Thanking St. Joseph With Pasta, Pastries And Prayers
Published: March 18, 2010
My husband and I were shivering on the streets of New Orleans many years ago, watching spellbound as huge, deliciously decorated floats drifted by. Upon them stood burly, olive-skinned men shouting to the crowd and throwing beads to the women.
We were not practicing Catholics at the time, but we quickly learned we were participating in a very Catholic celebration honoring St. Joseph, whose feast day is March 19.

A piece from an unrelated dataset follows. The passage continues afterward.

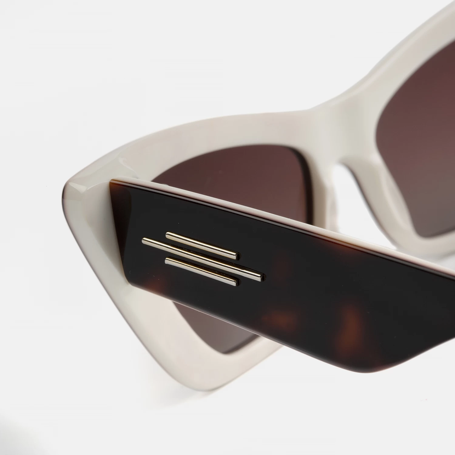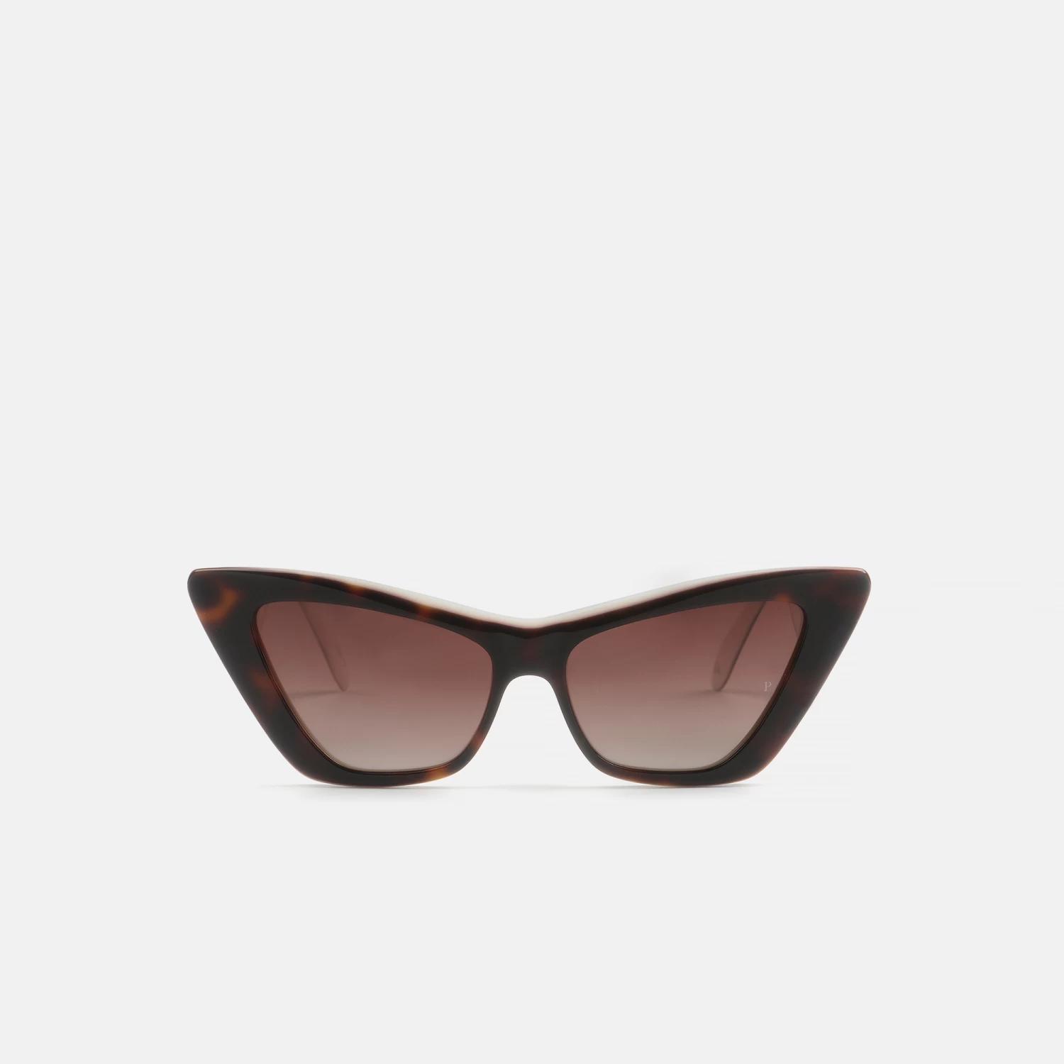 Gafa de sol de mujer, con forma cat-eye muy marcada, como en los años 50 y 60, de acetato carey, cuenta con laminaciones y slope down en el frente y varillas. En la varilla destaca el detalle metal deco con relieve, que eleva la gafa y da personalidad a la montura. Con lente degradada para una mirada más sofisticada. Sus lentes polarizadas proporcionan una visión más nítida y un mejor contraste. Una gafa rompedora con aire vintage.

A little research reveals the roots of this celebration are in the Middle Ages when there was a severe drought in Sicily. As people desperately awaited the rain, crops were few and far between, and so they survived by eating humble fava beans, which don’t require much water to grow. With famine threatening, they began fervently praying for St. Joseph’s intercession, and when their prayers were answered, the Sicilians celebrated in style. Along with processions honoring St. Joseph, they hosted huge outdoor banquets where the poor were invited to eat their fill.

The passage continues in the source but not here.